The forecasted numbers of named storms and major hurricanes have also increased. The season is now predicted to have from 14 to 19 named storms, five to nine hurricanes, and two to five major hurricanes. This follows several relatively quiet years, ending Florida’s 11-year hurricane-free streak and producing the strongest Atlantic storm season since 2007.


Why So Stormy?

In brief, the busy seasonal hurricane forecast is attributed to the recent warming of waters in the tropical and subtropical Atlantic Ocean and the weak or nonexistent El Niño, the periodic warming of the Pacific that tends to suppress the formation of hurricanes.

From 2016 through 2017, weather has been more extreme than usual, with swings in low and high temperatures, record flooding, and now a more severe storm season predicted. In fact, we have had what you might call a record number of weather records!

What Does This All Mean for Me?

Colorado State University predicts a 62% chance of a hurricane making landfall on the U.S. coastline, a 38% chance of landfall on the U.S. East Coast (including the Florida peninsula), and a 38% chance of landfall on the Gulf Coast. 

There is not a strong correlation between the number of storms or hurricanes and U.S. landfalls. However, if a stronger hurricane makes landfall, it’s best to be prepared, no matter what. 

Prepare for Hurricanes and Power Outages

Hurricanes cause high winds and often flooding, too. All of this can mean power outages. Before a power outage happens, think about what you might need if you are isolated for a number of days and must endure one. Check out this Blackout and Power Outage Tracker to explore causes and impacts for your state or region.

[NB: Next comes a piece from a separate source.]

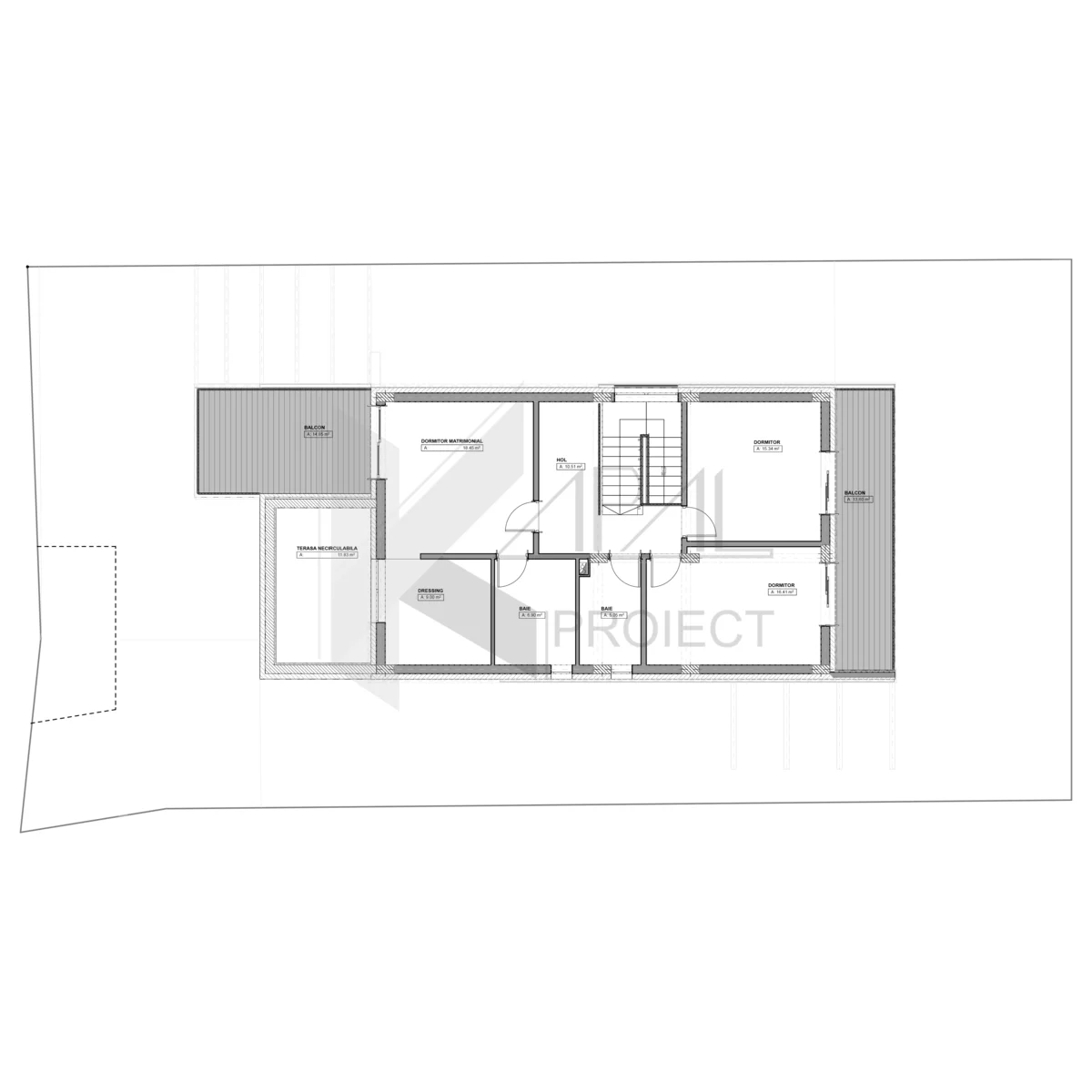 La etaj, zona de noapte este bine proporționată: dormitorul matrimonial (18,45 mp) are dressing (9,00 mp), baie proprie (6,90 mp) și balcon (9,45 mp). Dormitoarele A (16,41 mp) și B (15,34 mp) împart o a doua baie (5,05 mp), iar balconul de 13,60 mp creează o legătură cu exteriorul, aducând lumină și perspective ample.

You may be surprised by how vulnerable the U.S. power grid is to power outages!

  • Trim trees and shrubs around your home to minimize the risk of broken branches and debris.
  • Clear loose and clogged rain gutters and downspouts to prevent misdirected flooding.
  • Determine how and where to secure your boat.
  • Keep articles in your basement elevated to avoid damage from even minor flooding.
  • In high-risk areas, make plans to secure your property. Permanent storm shutters offer the best protection for windows. A second option is to board up windows with ⅝-inch marine plywood—cut to fit and ready to install. Tape does not prevent windows from breaking.
  • Install straps or additional clips to securely fasten your roof to the frame structure. This will reduce roof damage.
  • Consider building a safe room.
  • Keep a well-stocked Emergency Survival Kit in case you lose power.
  • To avoid a power outage, have a backup home generator. A standby generator automatically turns on during a blackout to keep the lights on, food and medicine from spoiling, the heat or A/C running, and medical devices operating.
  • See more tips on how to survive a hurricane.

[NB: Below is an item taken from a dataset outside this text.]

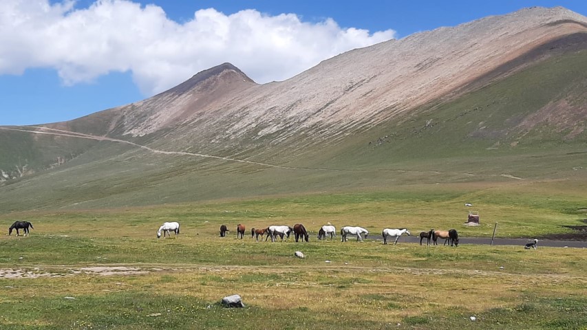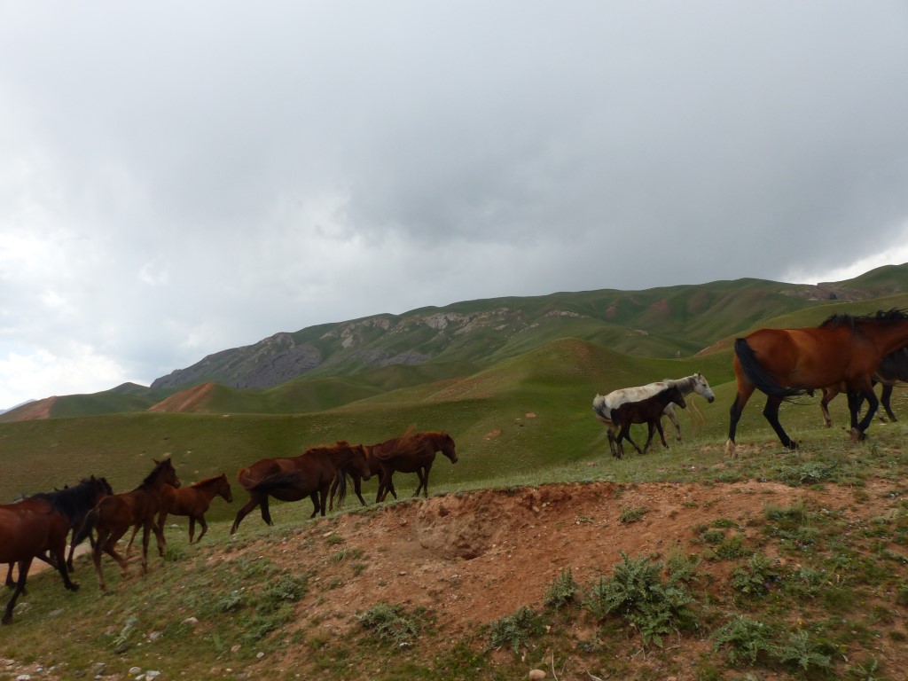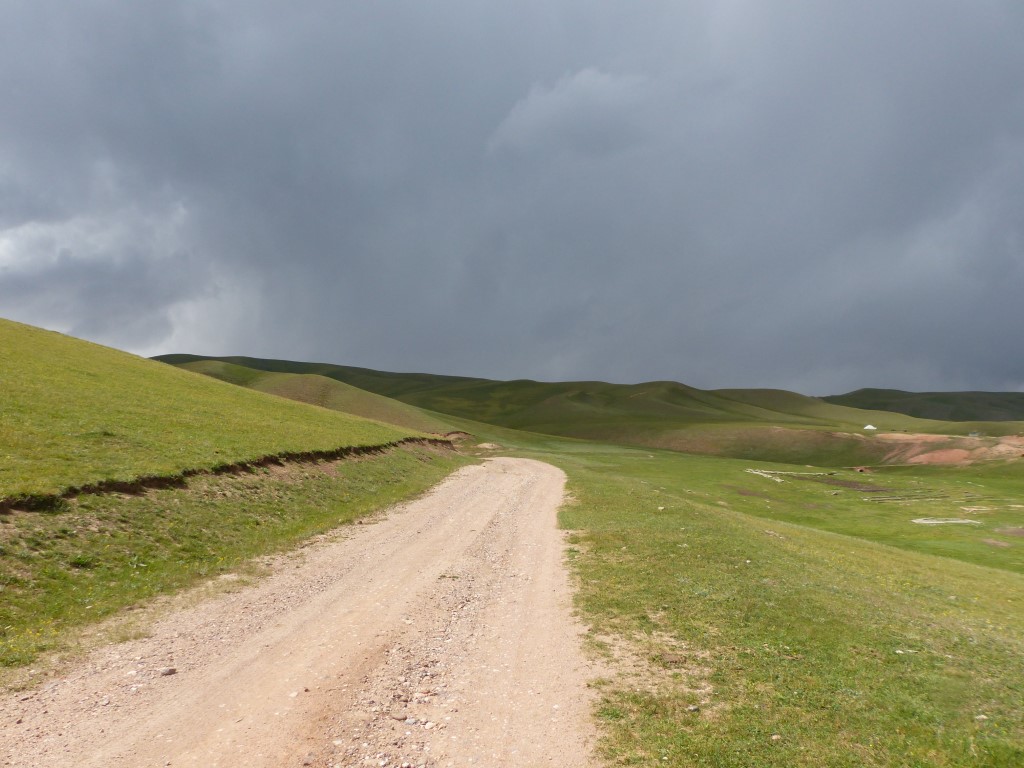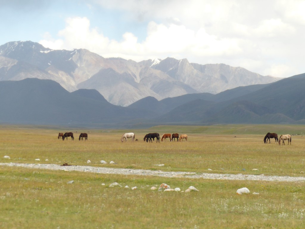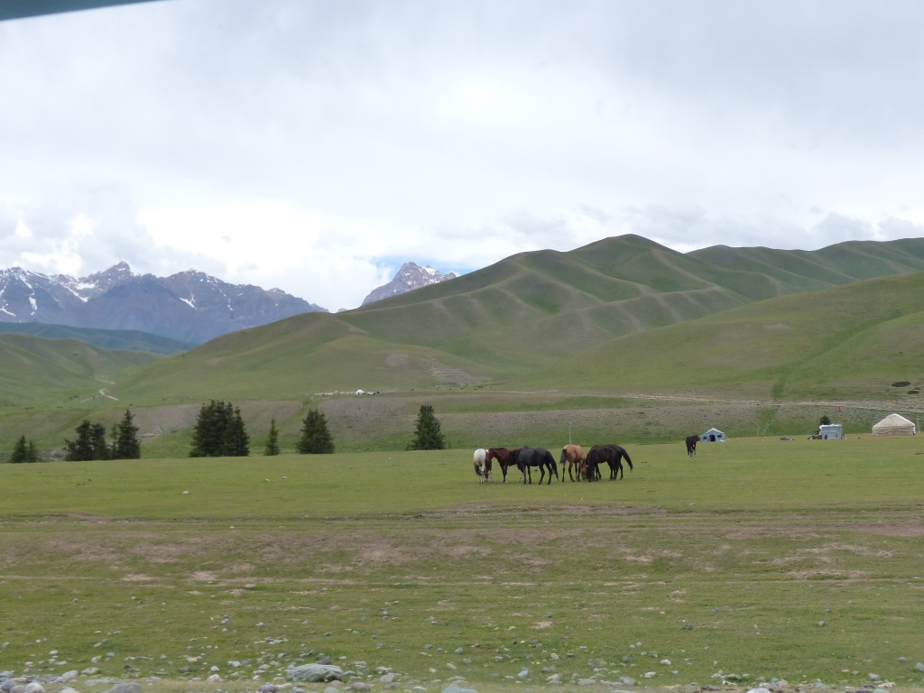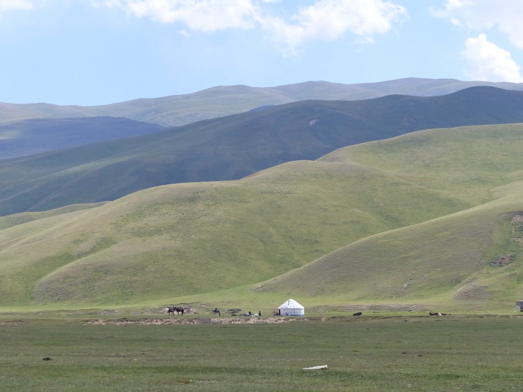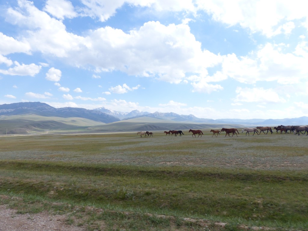 On fait donc le trajet retour sur la piste depuis Tash Rabat jusqu’à la route principale (que l’on apprécie beaucoup plus que l’avant veille, en arrivant bien crevés après 1 journée de route), en suivant la très belle vallée parsemée de yourtes, de campements, de troupeaux de chevaux, vaches, et moutons…

Remember when you wished you had a generator? Start planning now. It’s important you have a generator that can handle your power needs, too. Cummins Home Generators has a handy free evaluation to figure out how much power you use—and need.



How to Evaluate Your Home Generator Needs

Always use generators away from your home and never run a generator inside a home or garage or connect it to your electrical systems. 

Cummins not only offers a free calculator to estimate your home’s generator’s needs, but also will send out a representative to help you find the generator that’s right for your home. (Cummins are the folks who provide backup power to places like the Statue of Liberty and Mount Rushmore, so they are a trusted leader in generators!)

Click here to evaluate your home’s generator needs.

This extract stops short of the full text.